Help! I’m a Christian that Doesn’t Love God!
“God, I really don’t love you”. I remember saying these words out loud to God the summer before 11th grade. At that point I had had enough fake sincerity I harbored in my heart. What good was withholding the truth from a God who already knew it? “The only reason I claimed I loved you in the first place was because I didn’t want to go to hell”
I came to the conclusion I was only so “religious” because my parents dragged me to church. If my parents didn’t make me go to church, I would have made the choice not to go. Don’t get me wrong, I grew up in a great church. The youth group at my church was phenomenal. The worship was on point and the preaching was powerful. I remember thinking “whatever everybody else is feeling, I’m missing it”. Occasionally I would feel as though God had spoke to me and I felt the presence of the Holy Spirit. But as far as my entire life went, I knew that I didn’t love God.
So I challenged Him. Yes, the God of the entire universe, the one who spoke it into existence with a word. I told God on that June summer day, “I don’t really love you. I’m going to need for you to show up in my life this summer, or I am going to walk away”.
I was as serious as I was scared. What would that look like? My dad was a pastor for goodness sakes! Who would I even be? I didn’t curse, smoke, or have premarital sex. And I only did those things because somebody said the bible said not to…(I hadn’t actually seen those things for myself). So I made up in my mind to find God that summer as if He was lost.
Thankfully, God was patient with me. I had enough common sense to know that if I wanted to find God, I needed to go looking for Him. So I spent a great part of my day just reading the accounts of Jesus, Matthew, Mark, Luke and John, to be exact. It was during that time that I began to see Jesus as an actual human being and not the mystical miracle worker and wise man that Sunday School teachers always made him out to be. The Creator who lived among men. And that was amazing.

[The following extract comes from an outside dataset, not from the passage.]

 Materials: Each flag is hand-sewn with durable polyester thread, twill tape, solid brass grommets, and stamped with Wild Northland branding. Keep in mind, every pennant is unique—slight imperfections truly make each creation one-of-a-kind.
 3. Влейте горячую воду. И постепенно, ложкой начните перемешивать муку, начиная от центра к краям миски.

That was when I realized that accounts of Jesus were one big story opposed to sectioned off “sub ideas” underneath the carefully dictated headings in the Bible. Each story flowed into the next. The context of one story should also be brought to the next story, and my life changed. There was God, connecting to not only the spiritual side of me, but also to the intellectual and creative part of me. His word was actually entertaining and not boring! Who knew?
I don’t love God, what do I do?
Maybe you’ve realized what you say you believe and what you do just doesn’t line up. Maybe you’ve only been a “cultural Christian” out of convenience – because you grew up in a Christian household, or went to a Christian school, whatever the reason, you only obeyed God (or didn’t) because you felt obligated to or you were scared you were going to get a whoopin’ or worse, because you thought you were going to go to hell. Here me clearly, you are not the only one who feels this way.

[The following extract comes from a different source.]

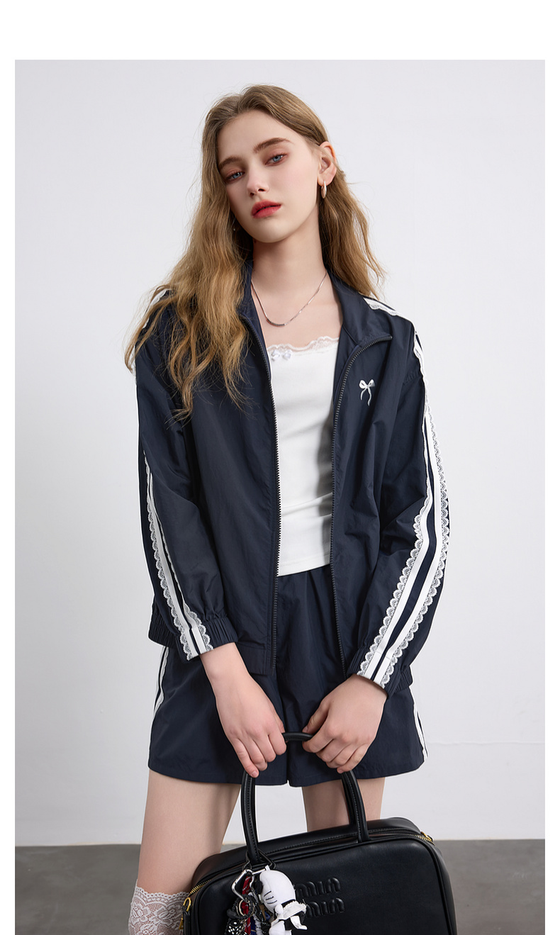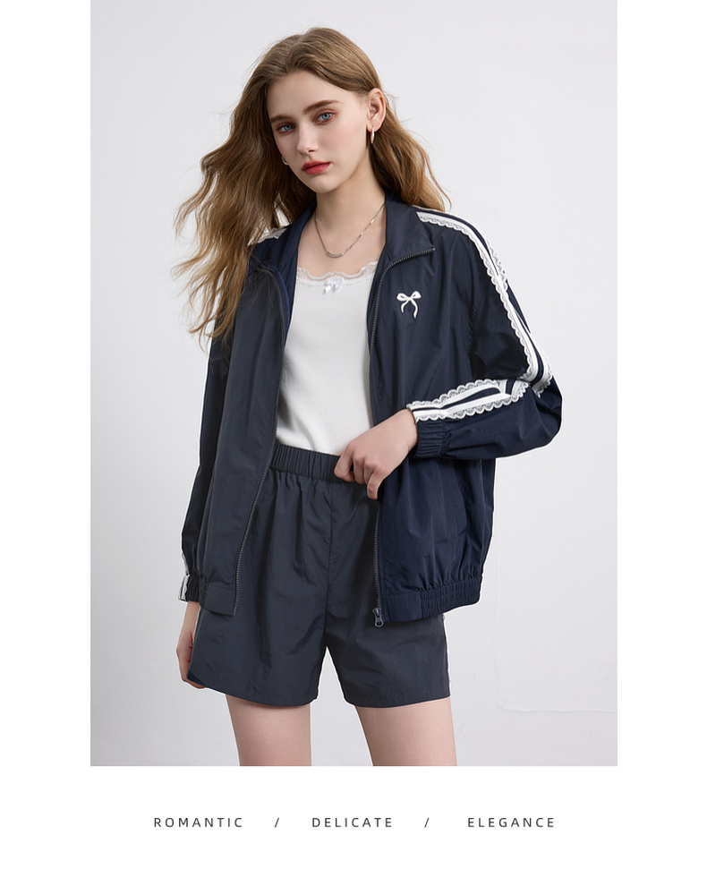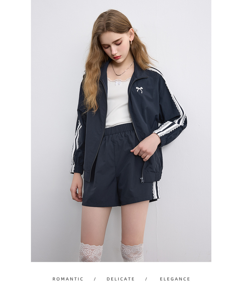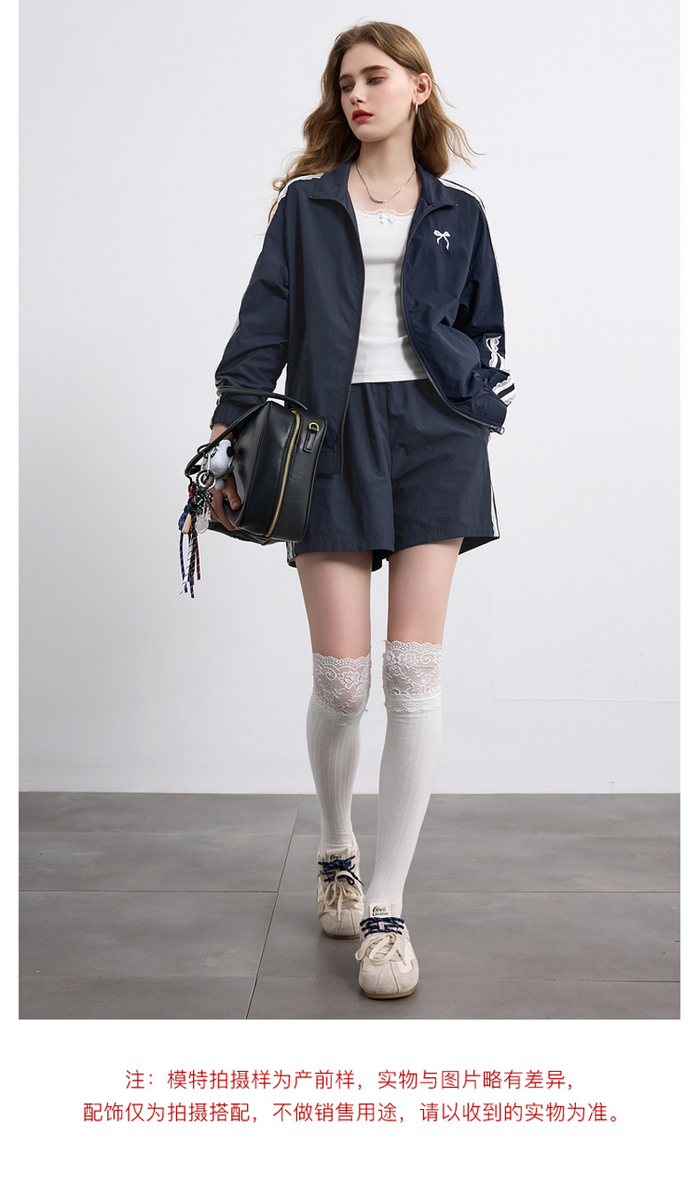 三彩独醒2026春季新款休闲套装芭蕾风外套蝴蝶结刺绣宽松短裤F

If this is you, that’s quite alright. The step of honesty is always the hardest. You should realize a couple of things:
1. Just because you don’t love right now doesn’t mean you never will.
It’s okay to be honest with yourself and your walk. Make steps towards getting there. Be okay with where you are in your journey. Just as long as you are not going backward, God sees you and is grateful for your honesty. The same way a doctor can’t treat what has not been diagnosed, you can not find real love for God if you don’t admit that you don’t really love him.

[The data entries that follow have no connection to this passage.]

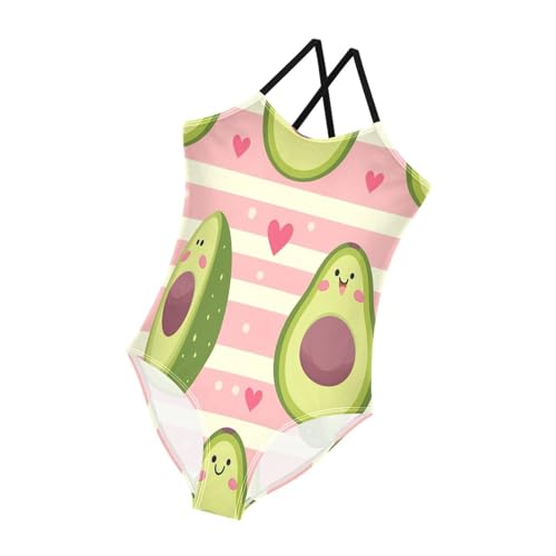 Cute Funny Avocado Pastel Stripes Swimsuit Toddler Girl, Beach Bathing Suit, Summer Swimsuits Girls 4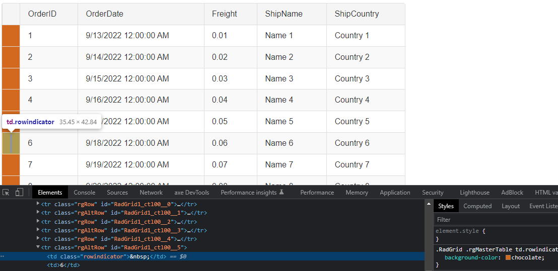 Is there a way to change the color the grid row selector? not the entire row or a column just the row selector. I would also like to know if a tooltip can be include on the row selector as well.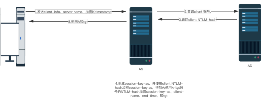 2)AS在接收到这串数据之后,会从中寻找到未被加密过的client-name,然后将client-name发送给AD。(发送给AD的原因是,AD存储着所有用户的NTLM-hash)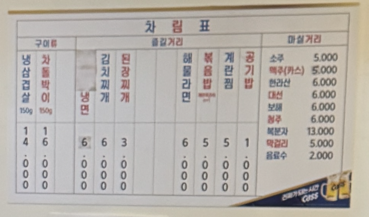 머쓱하게도 술을 시킬때 사진이 찍혔네요ㅎ...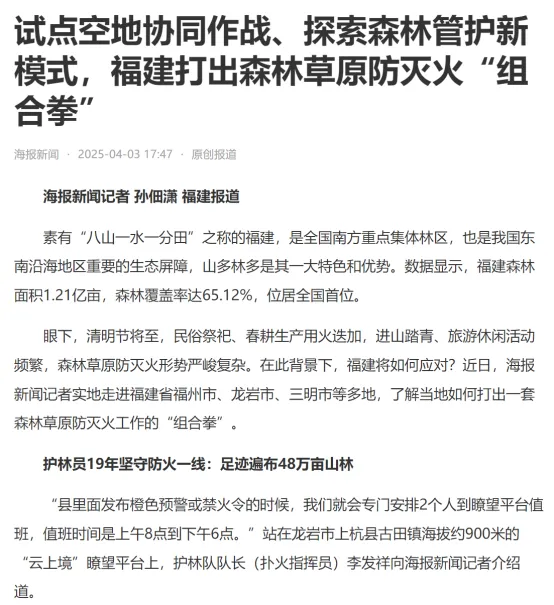 1.试点空地协同作战、探索森林管护新模式,福建打出森林草原防灭火“组合拳”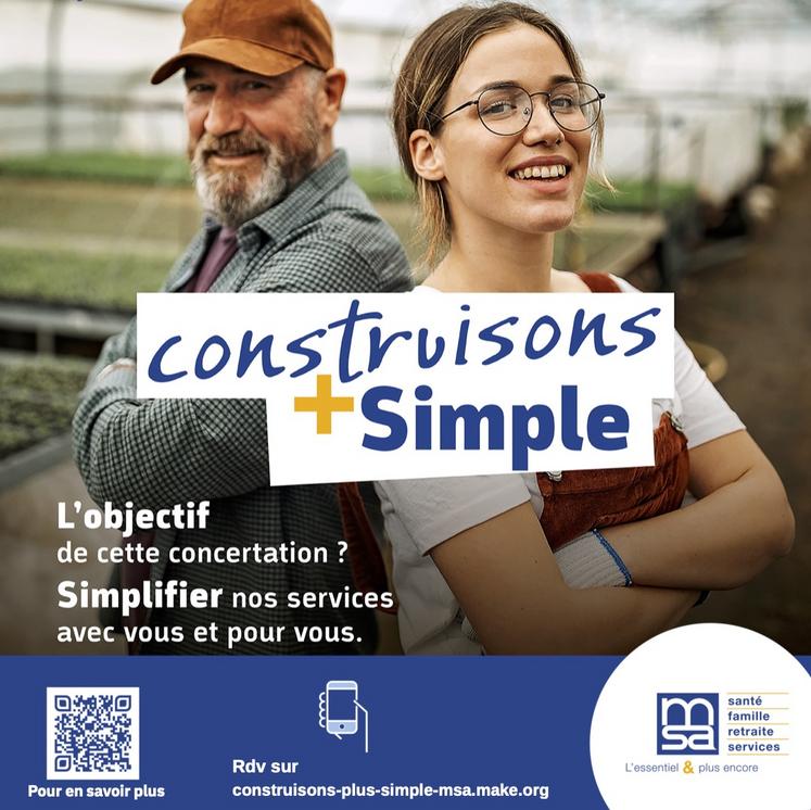 La MSA s’engage à simplifier ses services. Elle a ainsi lancé lundi 3 novembre, jusqu'au 19 décembre, une concertation nationale intitulée Construisons +Simple. Son objectif : inviter ses assurés à partager leurs expériences, leurs attentes et leurs idées, pour construire des services plus efficaces et qui répondent mieux à leurs besoins et contraintes.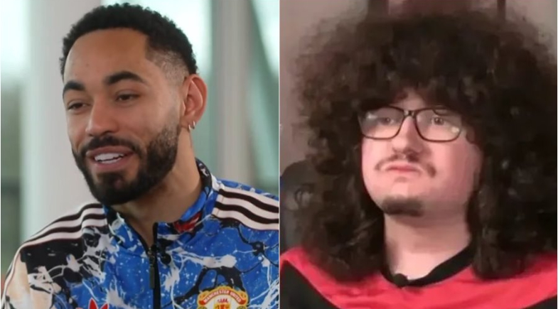 Matheus Cunha e Torcedor do United | Foto: Reprodução/DAZN e Reprodução/TheUnitedStrand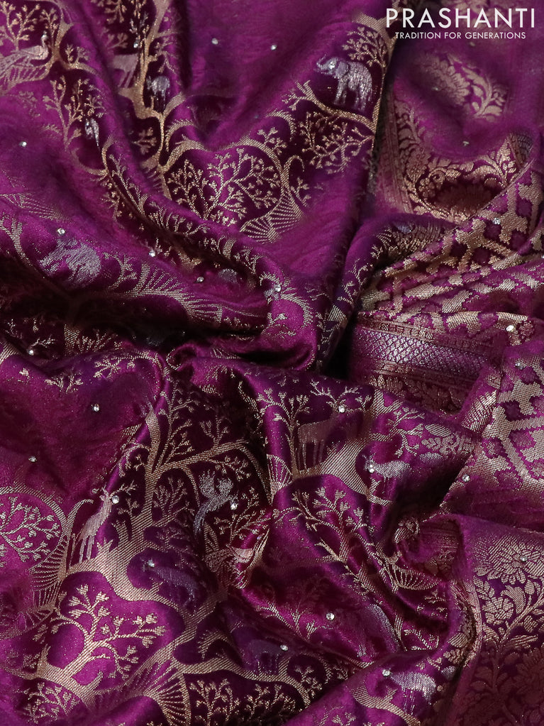 Banarasi silk saree purple with allover zari woven brocade weaves and zaridosi gotapatti work border

2. Chase God the way yo momma chases you when she’s tryna whoop you.
Stop at nothing to find God! You know how your mom calls you while you’re in your room? She steady screaming your name but she’s not making an effort to come to your room? Don’t be like your mom. Be like God – he didn’t stay in heaven while he was calling you. He came after you relentlessly. Go after God with the same fervor. He’s waiting and He’s still chasing you. What does that really look like? Going to church? Reading your Bible? Spending countless hours praying? Yes and no. Do all of those things (although spending countless hours praying may be hard for the new believer. I don’t even do that and I been saved. But I do commit a time to pray honestly!!!). All those things will help, but it takes you moving the barriers of disbelief for you to accept God.
3. Give God a chance to flex on you.
The Bible says “taste and see that the Lord is good” (Psalm 38:4). Open up your mind to the possibility of God working and then let Him work on your heart. But you have to do your part. You have to be in a position for God to meet you. That might mean turning off the television or twitter, or saying no to going out so that you might have a chance to read the Word of God.
At the end of the day, I just want you to be honest about where you are with God. I am not saying it is okay to stay where you are with God. I am asking you to breakdown the walls of cultural Christianity in order to find a deep and true love of God.
Ever since I got honest with God, we ain’t never been the same. Just know that me and God- we tighter than a hug from a church mother after coming home from college.